The original cover of the Live at the Harlem Square Club, 1963 LP features Cooke in a white dress shirt, bathed in a nimbus-y light. The light is centered on the chestal cavity—where Cooke builds his sound—rather than the head—and it all but ripples with magenta cross-hatching. The Cooke of this cover has a stained-glass quality, all the more so given his gestural pose—cupped right hand beseeching, mouth agape in the manner of someone creating a quavering, held o-sound, be it with an “oooh,” “whoahhhh,” or “God”—as the left hand grips a Neumann electro-static microphone, fingers tightened into a triumphal fist—the kind that punches the air in hard-won exultation.


But it is a peaceable fist, one for striving and getting on—not mere conquistador-ing—similar to what we see in Eugène Delacroix’s mid-nineteenth century canvas, Jacob Wrestling with the Angel, in which a man of earth wages battle with the supernal. We are not exactly sure why Jacob wrestles the winged-figure in the arbor—perhaps it is a test, one which he must not fail, at least in his own mind. That is how Sam Cooke holds the tool that will render him audible to every last club-goer, the mic as pulpit. He will test this audience. He will test himself.
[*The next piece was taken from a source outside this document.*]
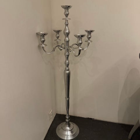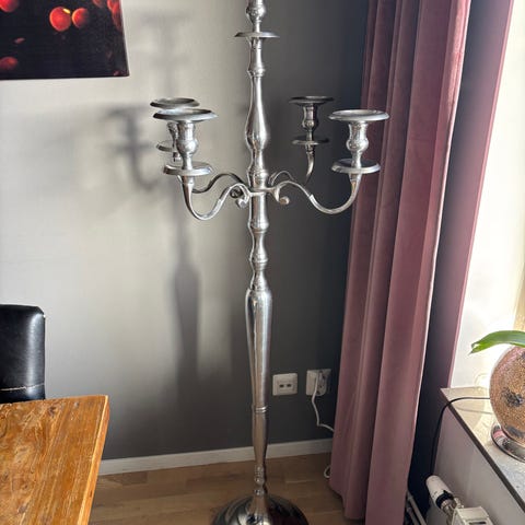Jotex golvljusstake i mässing med fem armar för ljus. Passar som dekoration i olika rum och ger möjlighet att hålla flera ljus samtidigt. Den är 1,60 hög..

He’ll test us now, still.


Colored lights blink throughout the space, which must have lent a leftover Christmas vibe to what is a barn-like hall. If we are away in a manger, it’s a fittingly low-rent mid-twentieth century version, a hall meant to pack ‘em in, not bum rush the cover of Architectural Digest.

Tinsel decorations remain. The simple, lo-tech soundboard—all that was available in these early days of remote recording in clubs—is upstairs, in the manager’s office, capable of three track recording. A lot of sound is going to be jammed into a tight recording window, a soul Louvre on the back of a stamp. This will prove a boon, and give the document its Pangeaic-heft, a feral solidity that still possesses a cometary blaze, advances upon a shore like a tide whose time has come to make further explorations up the beach. Had some deity put you in charge of the elements for a spell, you’d have thought, “hmmm, I can do something with this sound. Knock the weather for a loop. Change the shadows across the face of the moon.”


Which was the exact opposite response that the higher-ups had at RCA when they heard what Cooke and his all-Black band had wrought. They didn’t just shelve this sucker for its through-the-roof-quotient of denuded, raw, real humanness—they left it in the vaults until 1985, when presumably a marketing person said, “Might be safe enough now, people like Sam Cooke on the oldies stations, we don’t really have anything else in the can, let’s slap out Harlem Square Club.”


And so this glorious vessel slipped free of her moorings, and was finally slapped out at that.